# [Data shown]
Segment Open

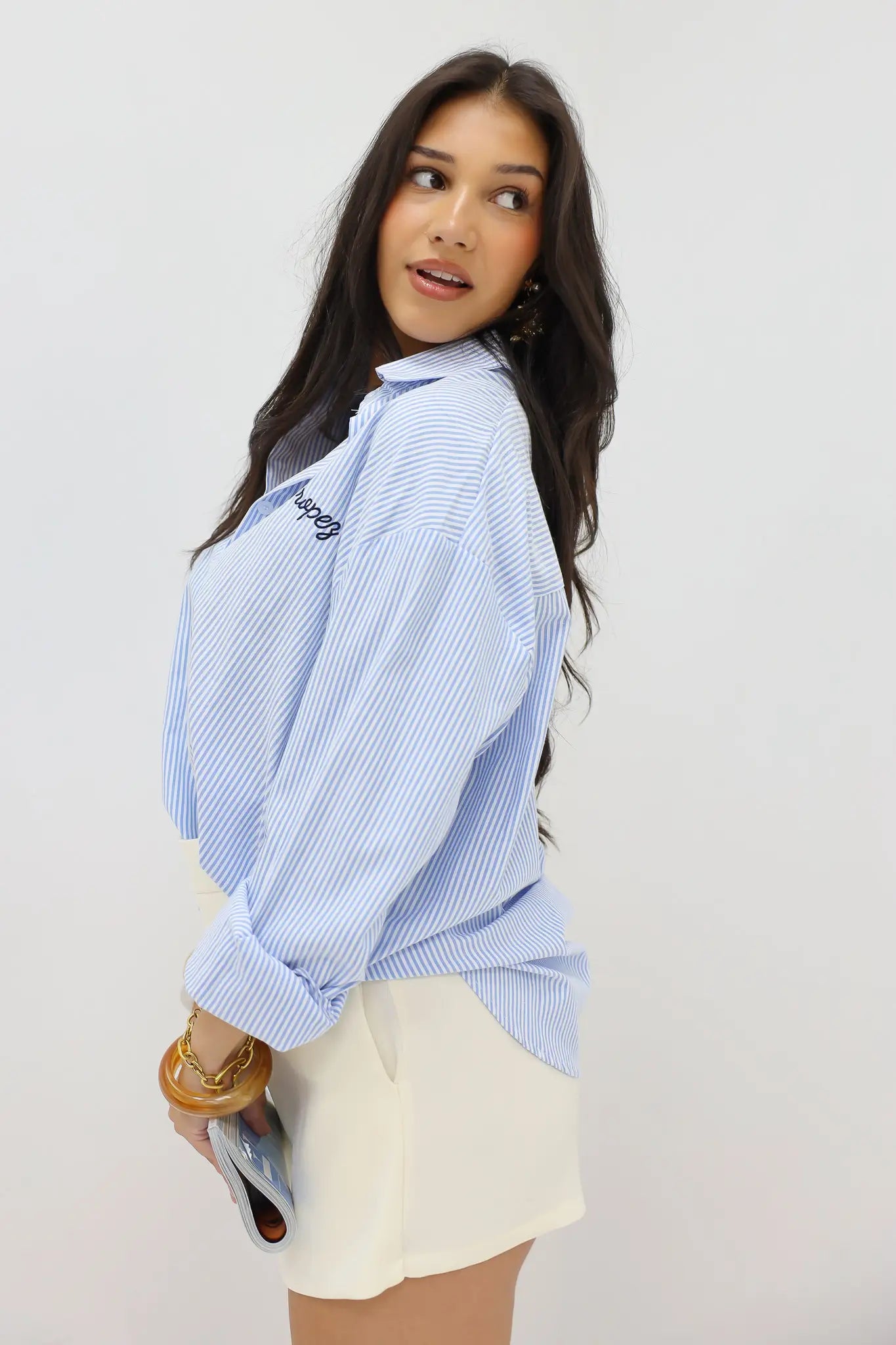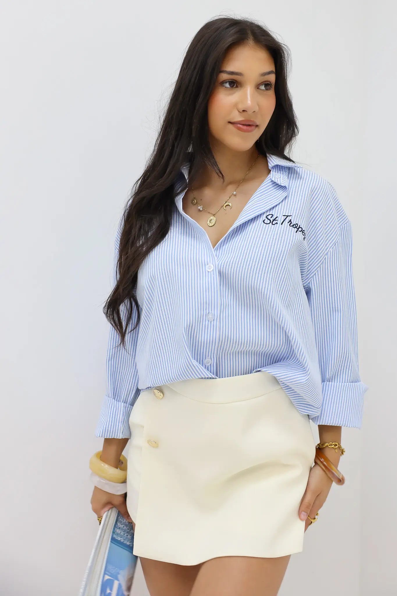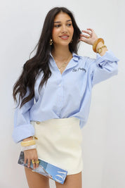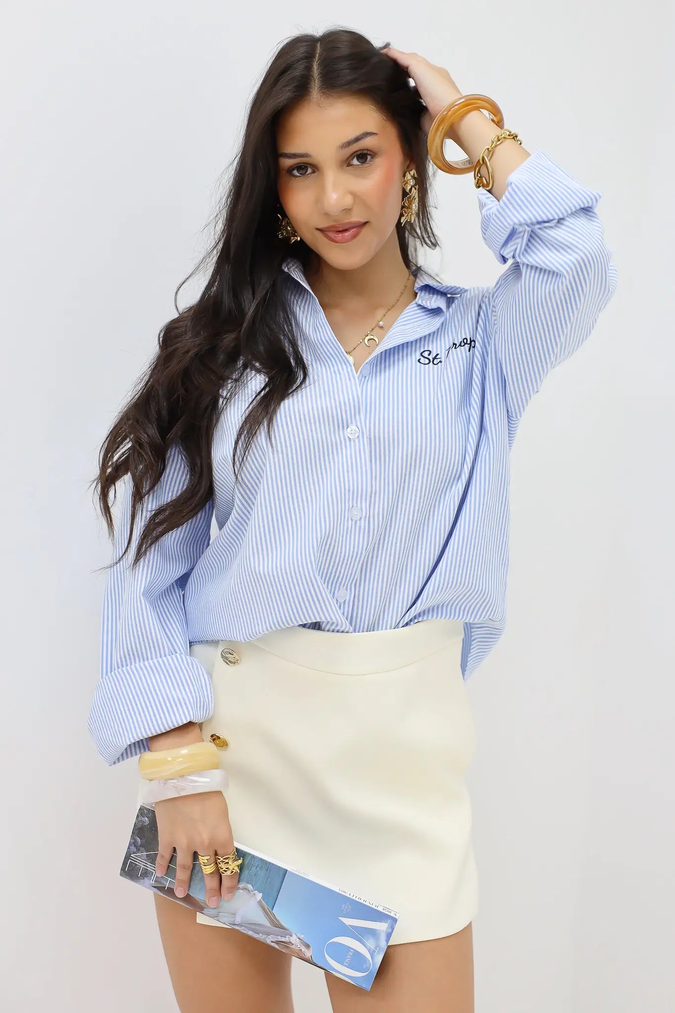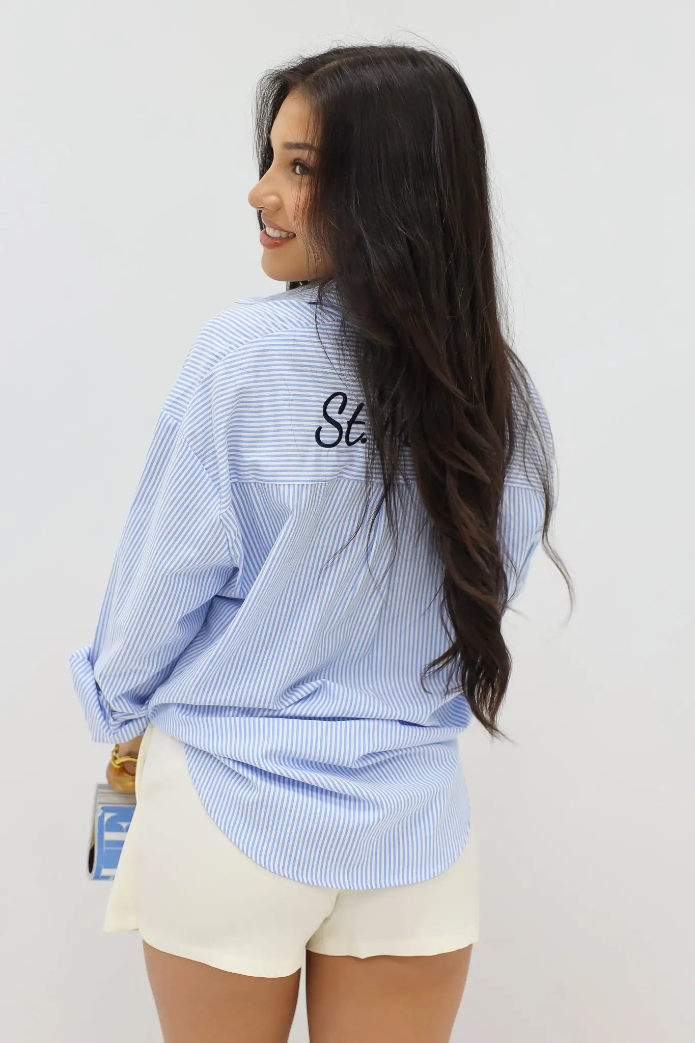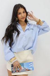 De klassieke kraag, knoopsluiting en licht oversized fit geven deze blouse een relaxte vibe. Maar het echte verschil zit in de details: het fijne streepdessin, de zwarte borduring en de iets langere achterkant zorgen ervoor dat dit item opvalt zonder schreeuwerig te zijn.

Segment Closed
Segment Open

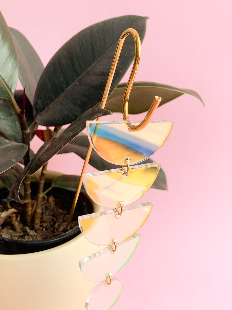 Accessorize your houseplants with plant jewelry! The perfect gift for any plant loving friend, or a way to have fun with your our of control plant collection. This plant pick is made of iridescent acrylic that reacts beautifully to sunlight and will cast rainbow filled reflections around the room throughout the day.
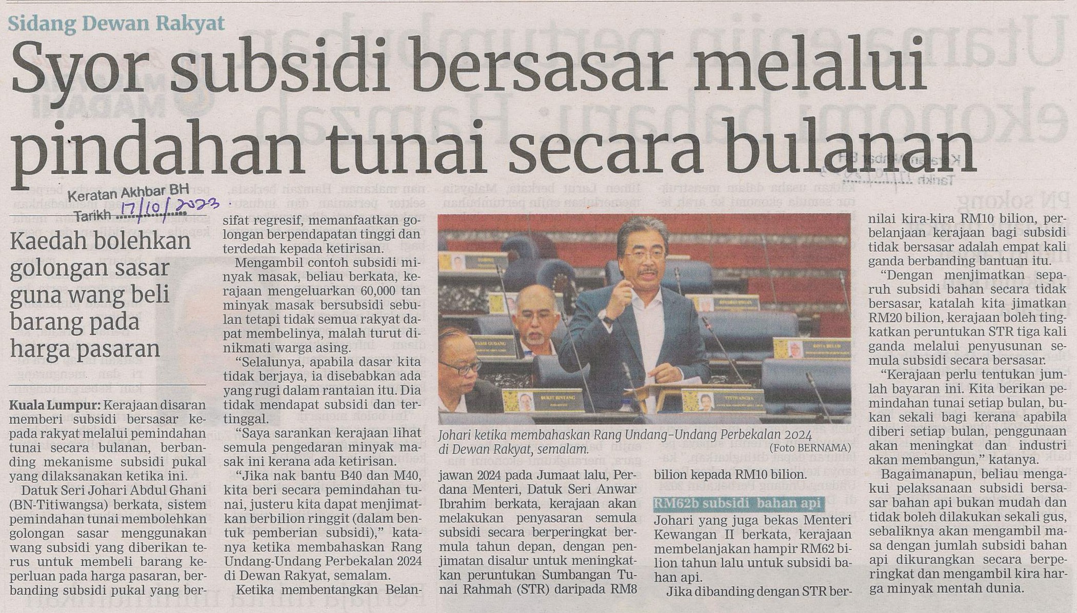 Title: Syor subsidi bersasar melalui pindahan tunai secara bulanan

Segment Closed
Segment Open

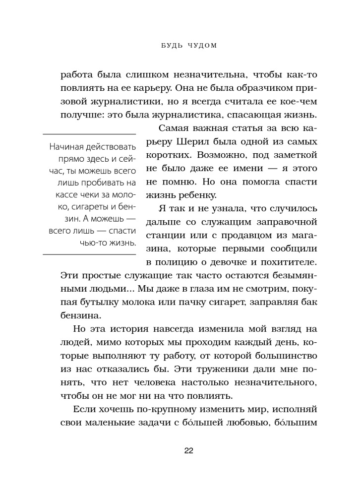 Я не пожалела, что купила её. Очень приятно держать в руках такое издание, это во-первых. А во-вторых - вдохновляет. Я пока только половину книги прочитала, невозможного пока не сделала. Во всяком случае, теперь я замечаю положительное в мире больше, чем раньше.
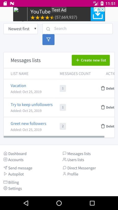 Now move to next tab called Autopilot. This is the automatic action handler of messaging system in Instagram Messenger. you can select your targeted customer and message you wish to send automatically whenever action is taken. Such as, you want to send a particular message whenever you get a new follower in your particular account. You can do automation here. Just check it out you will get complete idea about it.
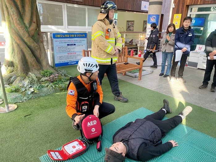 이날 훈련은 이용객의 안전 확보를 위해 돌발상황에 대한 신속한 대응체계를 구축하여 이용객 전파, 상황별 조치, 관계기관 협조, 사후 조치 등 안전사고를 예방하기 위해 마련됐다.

Segment Closed

# [Assignment]
Each line above from the one containing "Accessorize your houseplants" through the one containing "Title: Syor subsidi bersasar" is to be returned verbatim. Nothing else, and no pictures.

# [Solution]
 Accessorize your houseplants with plant jewelry! The perfect gift for any plant loving friend, or a way to have fun with your our of control plant collection. This plant pick is made of iridescent acrylic that reacts beautifully to sunlight and will cast rainbow filled reflections around the room throughout the day.
 Title: Syor subsidi bersasar melalui pindahan tunai secara bulanan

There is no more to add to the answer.